250+ TOP MCQs on Number Theory and Answers

Cryptography Multiple Choice Questions on “Number Theory”.

1. If a|b and b|c, then a|c.
a) True
b) False

Answer: a
Clarification: The statement is true. For ex, 11|66 and 66|198 = 11|198.

2. GCD(a,b) is the same as GCD(|a|,|b|).
a) True
b) False

Answer: a
Clarification:This is true. gcd(60,24) = gcd(60,-24) = 12.

3. Calculate the GCD of 1160718174 and 316258250 using Euclidean algorithm.
a) 882
b) 770
c) 1078
d) 1225

Answer: c
Clarification: GCD(1160718174, 316258250) = 1078.

4. Calculate the GCD of 102947526 and 239821932 using Euclidean algorithm.
a) 11
b) 12
c) 8
d) 6

Answer: d
Clarification: GCD(102947526, 239821932) = 6.

5. Calculate the GCD of 8376238 and 1921023 using Euclidean algorithm.
a) 13
b) 12
c) 17
d) 7

Answer: a
Clarification: GCD(8376238, 1921023) = 13.

6. What is 11 mod 7 and -11 mod 7?
a) 4 and 5
b) 4 and 4
c) 5 and 3
d) 4 and -4

Answer: d
Clarification:11 mod 7 = 4 ; -11 mod 7 = -4 mod 7 = 3 mod 7.

7. Which of the following is a valid property for concurrency?
a) a = b (mod n) if n|(a-b)
b) a = b (mod n) implies b = a (mod n)
c) a = b (mod n) and b = c (mod n) implies a = c (mod n)
d) All of the mentioned

Answer: d
Clarification: All are valid properties of congruences and can be checked by using substituting values.

8. [(a mod n) + (b mod n)] mod n = (a+b) mod n
a) True
b) False

Answer: a
Clarification: The equivalence is true and can be checked by substituting values.

9. [(a mod n) – (b mod n)] mod n = (b – a) mod n
a) True
b) False

Answer:b
Clarification:The equivalence is false and can be checked by substituting values.
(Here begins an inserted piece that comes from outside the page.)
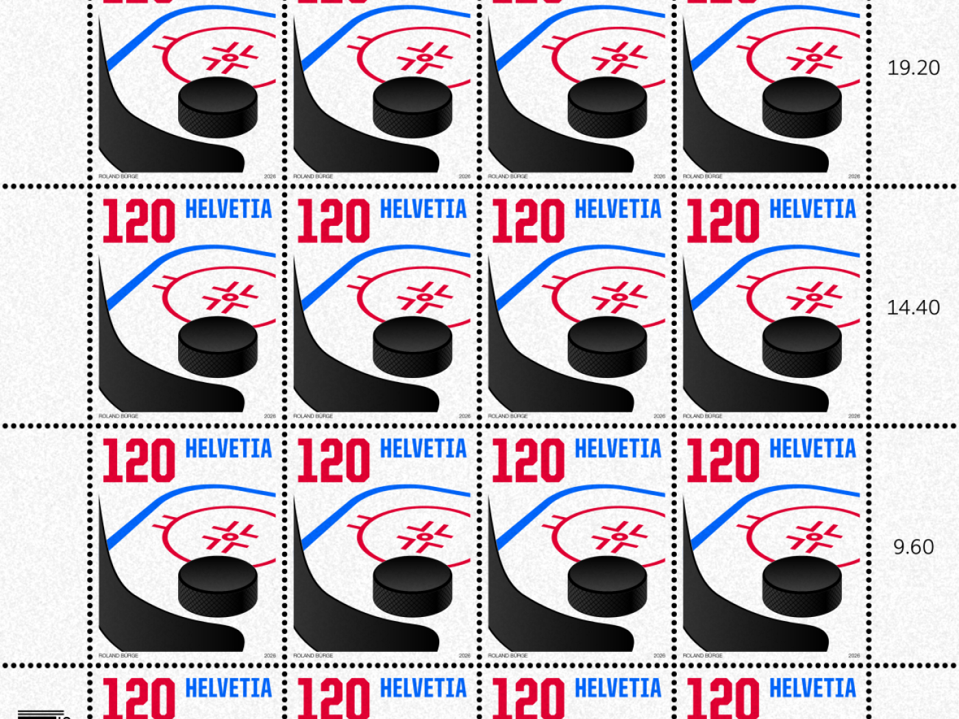 Per celebrare il Campionato mondiale di hockey casalingo, che si disputerà in Svizzera a maggio, la Posta ha emesso un nuovo francobollo stampato su carta da lucido trasparente, che evoca "le caratteristiche, la struttura e il colore della pista di ghiaccio".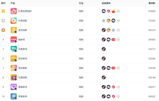 值得注意的是,9月榜单中位列第三的金枝看剧跌至10月榜单第七,素材量减少了17.1万组,环比下滑40.2%;9月榜单第八的蛋花短剧则升至10月榜单第三,素材量增加了9.4万组,环比上涨28.7%。

The correct equivalence would be [(a mod n) – (b mod n)] mod n = (a – b) mod n.

10. 11⁷ mod 13 =
a) 3
b) 7
c) 5
d) 15

Answer: d
Clarification: The correct answer is 2. Or in this case 15 mod 13 = 2.

11. The multiplicative Inverse of 1234 mod 4321 is
a) 3239
b) 3213
c) 3242
d) Does not exist

Answer: a
Clarification: The multiplicative Inverse of 1234 mod 4321 is 3239.

12. The multiplicative Inverse of 550 mod 1769 is
a) 434
b) 224
c) 550
d) Does not exist

Answer: a
Clarification: The multiplicative Inverse of 550 mod 1769 is 550.

13. The multiplicative Inverse of 24140 mod 40902 is
a) 2355
b) 5343
c) 3534
d) Does not exist

Answer: d
Clarification: The multiplicative Inverse does not exist as GCD (24140, 40902) = 34.